The next affair to settle was almost solved after that nervous brake down. But it was still there. The affair below his waist, was still there, still pleasantly near to poor innocent asleep Anya. It wouldn't do for her to wake up and notice that.
Embarrassed, he decided he would have to get out of the bag and walk until it was settled.
Maybe he could try to hunt something.
It wasn't an easy decision to follow, though. It was so warm inside the bag, and so cold out of it, he spend quite some time before he found the nerve to get out.
He wished he didn't have to get up, he wished he could throw both his arms around the warm body pressed against him, he wished he could stay like that the rest of his life. But he couldn't, he had to hunt something so they could avoid starving.
It was so cold. So very cold!
Two days later, they found a little village, where they discovered they were in Poland, free of soviet domain.
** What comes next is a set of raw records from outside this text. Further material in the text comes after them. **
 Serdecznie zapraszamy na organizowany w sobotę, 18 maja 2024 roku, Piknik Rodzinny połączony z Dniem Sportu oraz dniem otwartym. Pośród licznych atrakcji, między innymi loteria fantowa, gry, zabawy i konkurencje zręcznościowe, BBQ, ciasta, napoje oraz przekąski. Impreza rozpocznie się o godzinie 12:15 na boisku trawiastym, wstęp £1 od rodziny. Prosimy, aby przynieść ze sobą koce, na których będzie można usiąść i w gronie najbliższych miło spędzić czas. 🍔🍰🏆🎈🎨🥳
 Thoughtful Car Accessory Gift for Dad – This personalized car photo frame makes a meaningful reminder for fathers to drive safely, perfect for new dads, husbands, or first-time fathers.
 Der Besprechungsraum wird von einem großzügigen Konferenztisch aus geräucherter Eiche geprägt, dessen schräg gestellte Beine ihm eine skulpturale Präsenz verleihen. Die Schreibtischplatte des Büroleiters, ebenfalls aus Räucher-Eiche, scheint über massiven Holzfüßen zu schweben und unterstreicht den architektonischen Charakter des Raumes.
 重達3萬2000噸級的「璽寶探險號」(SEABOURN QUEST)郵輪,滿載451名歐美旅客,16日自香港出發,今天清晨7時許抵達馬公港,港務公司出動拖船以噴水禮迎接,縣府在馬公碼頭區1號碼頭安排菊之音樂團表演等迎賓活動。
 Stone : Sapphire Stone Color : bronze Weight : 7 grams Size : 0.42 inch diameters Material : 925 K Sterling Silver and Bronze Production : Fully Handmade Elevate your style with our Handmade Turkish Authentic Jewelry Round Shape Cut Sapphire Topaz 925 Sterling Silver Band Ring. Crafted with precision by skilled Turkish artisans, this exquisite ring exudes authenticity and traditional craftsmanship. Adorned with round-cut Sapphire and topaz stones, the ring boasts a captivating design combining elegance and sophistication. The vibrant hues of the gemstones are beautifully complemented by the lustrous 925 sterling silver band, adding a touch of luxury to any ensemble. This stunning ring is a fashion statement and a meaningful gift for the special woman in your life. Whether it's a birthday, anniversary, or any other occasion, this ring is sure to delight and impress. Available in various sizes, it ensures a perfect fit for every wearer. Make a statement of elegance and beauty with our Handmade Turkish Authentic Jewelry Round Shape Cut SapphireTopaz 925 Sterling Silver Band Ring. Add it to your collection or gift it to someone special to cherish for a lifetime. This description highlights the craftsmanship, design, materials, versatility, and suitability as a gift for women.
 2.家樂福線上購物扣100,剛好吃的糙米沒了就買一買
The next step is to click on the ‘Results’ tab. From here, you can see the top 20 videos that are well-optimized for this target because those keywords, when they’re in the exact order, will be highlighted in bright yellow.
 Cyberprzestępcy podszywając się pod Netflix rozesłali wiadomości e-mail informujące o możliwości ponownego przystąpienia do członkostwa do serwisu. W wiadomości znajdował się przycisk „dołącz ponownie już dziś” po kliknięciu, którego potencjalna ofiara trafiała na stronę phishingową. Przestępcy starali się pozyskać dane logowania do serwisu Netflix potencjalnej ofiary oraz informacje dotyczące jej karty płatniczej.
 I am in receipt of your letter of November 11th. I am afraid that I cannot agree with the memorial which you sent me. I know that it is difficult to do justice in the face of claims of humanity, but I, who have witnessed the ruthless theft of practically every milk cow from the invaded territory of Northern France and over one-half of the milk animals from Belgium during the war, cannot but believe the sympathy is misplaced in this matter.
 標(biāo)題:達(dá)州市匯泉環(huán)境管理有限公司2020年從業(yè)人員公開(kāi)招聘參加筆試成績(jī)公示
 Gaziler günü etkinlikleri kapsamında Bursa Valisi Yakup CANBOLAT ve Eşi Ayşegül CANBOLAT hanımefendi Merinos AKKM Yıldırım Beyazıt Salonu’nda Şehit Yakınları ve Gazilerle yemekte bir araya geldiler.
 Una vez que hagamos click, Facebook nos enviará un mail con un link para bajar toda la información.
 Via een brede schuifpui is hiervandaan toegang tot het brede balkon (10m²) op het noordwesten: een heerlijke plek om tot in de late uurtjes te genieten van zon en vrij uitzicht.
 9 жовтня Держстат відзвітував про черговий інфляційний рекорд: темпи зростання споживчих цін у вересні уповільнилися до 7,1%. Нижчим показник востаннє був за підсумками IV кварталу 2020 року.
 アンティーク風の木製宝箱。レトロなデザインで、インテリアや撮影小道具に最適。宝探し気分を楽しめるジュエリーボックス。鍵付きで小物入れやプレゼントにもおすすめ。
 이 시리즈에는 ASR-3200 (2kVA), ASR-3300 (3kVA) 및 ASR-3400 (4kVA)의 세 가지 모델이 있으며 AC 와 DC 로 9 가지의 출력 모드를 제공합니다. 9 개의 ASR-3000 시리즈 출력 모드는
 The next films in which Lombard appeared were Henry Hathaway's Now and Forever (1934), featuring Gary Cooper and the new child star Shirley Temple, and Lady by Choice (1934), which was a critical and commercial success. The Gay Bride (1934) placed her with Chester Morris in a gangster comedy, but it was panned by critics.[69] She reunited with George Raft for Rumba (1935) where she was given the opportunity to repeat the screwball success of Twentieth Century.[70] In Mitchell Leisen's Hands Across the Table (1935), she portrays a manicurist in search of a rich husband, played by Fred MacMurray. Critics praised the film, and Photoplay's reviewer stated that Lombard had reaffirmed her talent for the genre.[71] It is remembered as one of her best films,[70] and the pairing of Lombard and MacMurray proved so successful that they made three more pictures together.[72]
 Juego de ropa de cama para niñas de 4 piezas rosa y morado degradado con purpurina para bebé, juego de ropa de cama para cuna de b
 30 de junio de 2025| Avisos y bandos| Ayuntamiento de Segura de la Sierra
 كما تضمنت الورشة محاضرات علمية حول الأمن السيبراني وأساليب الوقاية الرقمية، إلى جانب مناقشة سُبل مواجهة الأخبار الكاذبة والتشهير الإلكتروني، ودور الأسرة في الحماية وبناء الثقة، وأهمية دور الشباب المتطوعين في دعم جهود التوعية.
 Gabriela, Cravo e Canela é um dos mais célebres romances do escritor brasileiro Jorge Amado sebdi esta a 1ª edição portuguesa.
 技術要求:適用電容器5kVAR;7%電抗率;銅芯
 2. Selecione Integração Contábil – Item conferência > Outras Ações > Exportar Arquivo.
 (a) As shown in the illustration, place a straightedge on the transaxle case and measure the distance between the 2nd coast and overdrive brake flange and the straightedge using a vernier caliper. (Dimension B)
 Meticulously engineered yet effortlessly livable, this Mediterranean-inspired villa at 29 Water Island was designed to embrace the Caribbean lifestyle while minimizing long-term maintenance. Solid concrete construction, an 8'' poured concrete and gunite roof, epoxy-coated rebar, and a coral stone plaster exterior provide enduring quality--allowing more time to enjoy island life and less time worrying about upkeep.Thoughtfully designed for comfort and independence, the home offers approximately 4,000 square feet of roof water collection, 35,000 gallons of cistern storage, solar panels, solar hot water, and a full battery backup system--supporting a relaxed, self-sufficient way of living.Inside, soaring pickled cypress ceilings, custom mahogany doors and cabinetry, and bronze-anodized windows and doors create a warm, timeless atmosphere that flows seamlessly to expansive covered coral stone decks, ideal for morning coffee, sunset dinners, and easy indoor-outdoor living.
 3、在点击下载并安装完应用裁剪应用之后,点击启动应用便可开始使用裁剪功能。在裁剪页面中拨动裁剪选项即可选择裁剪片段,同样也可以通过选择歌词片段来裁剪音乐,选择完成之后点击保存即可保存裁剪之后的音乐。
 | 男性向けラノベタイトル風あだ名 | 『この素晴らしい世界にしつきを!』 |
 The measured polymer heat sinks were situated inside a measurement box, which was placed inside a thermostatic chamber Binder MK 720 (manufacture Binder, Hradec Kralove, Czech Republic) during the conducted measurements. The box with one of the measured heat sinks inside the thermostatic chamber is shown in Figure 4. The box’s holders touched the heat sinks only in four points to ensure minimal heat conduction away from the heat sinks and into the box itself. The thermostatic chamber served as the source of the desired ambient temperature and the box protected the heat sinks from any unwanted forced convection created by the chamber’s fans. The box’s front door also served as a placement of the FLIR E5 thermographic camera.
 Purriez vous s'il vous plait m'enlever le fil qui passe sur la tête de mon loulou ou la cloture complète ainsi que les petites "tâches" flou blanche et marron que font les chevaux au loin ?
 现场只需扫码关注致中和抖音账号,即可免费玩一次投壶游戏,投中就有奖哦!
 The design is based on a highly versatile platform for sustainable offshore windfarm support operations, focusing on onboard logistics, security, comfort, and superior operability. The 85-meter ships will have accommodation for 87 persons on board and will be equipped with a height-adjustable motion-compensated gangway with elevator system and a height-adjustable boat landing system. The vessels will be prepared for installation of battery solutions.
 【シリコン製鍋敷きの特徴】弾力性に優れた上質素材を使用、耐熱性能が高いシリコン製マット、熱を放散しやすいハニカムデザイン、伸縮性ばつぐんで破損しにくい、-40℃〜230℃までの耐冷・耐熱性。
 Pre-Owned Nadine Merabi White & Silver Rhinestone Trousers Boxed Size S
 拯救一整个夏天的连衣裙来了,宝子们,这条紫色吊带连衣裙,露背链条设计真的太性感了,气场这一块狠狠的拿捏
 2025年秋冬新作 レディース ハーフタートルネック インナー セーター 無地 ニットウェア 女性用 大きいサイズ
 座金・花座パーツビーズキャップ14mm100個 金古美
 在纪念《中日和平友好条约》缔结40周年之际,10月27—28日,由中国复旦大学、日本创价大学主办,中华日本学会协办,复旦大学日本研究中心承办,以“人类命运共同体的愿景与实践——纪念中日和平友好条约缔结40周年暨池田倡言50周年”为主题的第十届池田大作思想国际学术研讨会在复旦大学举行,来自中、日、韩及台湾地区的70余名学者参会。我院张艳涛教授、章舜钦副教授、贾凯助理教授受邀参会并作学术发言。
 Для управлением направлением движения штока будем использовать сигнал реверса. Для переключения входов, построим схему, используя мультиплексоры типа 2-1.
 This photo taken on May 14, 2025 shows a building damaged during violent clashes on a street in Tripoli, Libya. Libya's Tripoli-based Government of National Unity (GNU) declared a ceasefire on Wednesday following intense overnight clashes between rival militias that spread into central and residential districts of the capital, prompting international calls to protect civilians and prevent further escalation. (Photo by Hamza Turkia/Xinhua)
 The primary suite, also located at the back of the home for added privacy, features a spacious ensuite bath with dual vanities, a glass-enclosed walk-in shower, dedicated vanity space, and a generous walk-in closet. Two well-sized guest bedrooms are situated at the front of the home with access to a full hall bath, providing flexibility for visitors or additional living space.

There they used the 'money' they had brought to buy some food, wash their clothes and spend the night in a family's house.
"What don't you have in that suitcases?" Anya asked, watching all the packed things things they had brought from St. Petersburg to Poland: the sleeping bags, the knifes, the two pistols she wished she hadn't seen, four different wigs, the fake marks, francs and słoties, and the bigger suitcase was full of suits.
"A train."
"A tent."
"A horse."
"A–"
"Got it, got it."
The next morning, they started traveling again, for doing so, they rented three horses and parted to Germany.
The horses were not trained to run fast, and they were four hundred miles away from the port from which they would part to Paris. This horses, couldn't run more than thirty-something miles per day and doing stops every now and then.
Sometimes nights found them in the route, where they would have to camp, some others found them in a village or town. It took them a week to be near the border with Germany, there, they sold the rented horses for a bit more money than they were worth, two went to an eloped couple and the other to a middle aged woman with brown silvering hair and a black eye.
After selling them, they spent the night in another kind-hearted family, and parted walking the following morning.